When Facebook admitted last week that an operation connected to Russia bought some $100,000 worth of advertising on its network during the 2016 campaign, it raised some unsettling questions about the intersection of social media and politics. Those questions — both broad and narrow — will only get more urgent as the next U.S. election rolls around.
The narrow question is whether current laws have been broken. Some of the ads were linked to a so-called troll farm that spreads Russian propaganda. This suggests they were part of Russia’s larger efforts to meddle in the election, which included infiltrating political campaigns, deploying “botnets” to shape online conversation, leaking stolen documents, and attacking the voting systems in 39 states.
U.S. intelligence agencies have concluded that these measures were intended to help Donald Trump’s candidacy.
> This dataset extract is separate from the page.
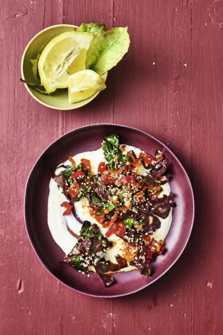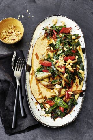 Erdnusspolenta mit Mangold

If the Facebook ads were aimed at key people and precincts — persuadable voters in swing states, say — that raises the possibility that his campaign helped coordinate the effort. And that, in turn, could be a crime: Campaigns can’t accept anything of value from foreigners, and non-citizens are generally barred from spending money to support a candidate in a U.S. election.
The $100,000 at issue might sound trivial. But given the reach and sophistication of Facebook’s tools, the ads could still have been seen by tens of millions of voters. As Sen. Mark Warner, D-Virginia, put it: “That becomes a method of influence exponentially, I would argue, bigger than TV and radio.”
And that suggests a broader concern. Few would dispute that social media played a crucial role in the 2016 election. Trump’s campaign used Facebook to hone its message, drive turnout and suppress votes for his opponent. Social media was a crucial conduit for fake news favoring Trump, and for phony accounts attacking Hillary Clinton. When the Trump team says Facebook and Twitter were “the reason we won this thing,” they’re not exaggerating by much.
Yet social-media companies aren’t regulated like broadcasters when it comes to campaign advertising. In fact, they’re largely free from scrutiny of any kind. That should change.
As a first step, Facebook should come clean about what happened in the Russia case and what it intends to do about it. (Warner, who sits on the Senate intelligence committee, calls last week’s disclosure “the tip of the iceberg.”) It should publicly release the ads and explain how they were targeted. It should also open pertinent data to independent researchers, much as Twitter has done. That could yield insights about how its tools were used in the election and what affect they had on voters.
Congress, for its part, should rethink how election law ought to apply to social media, and incline toward maximal transparency. For better or worse, it’s a new era in American politics. It needs new rules.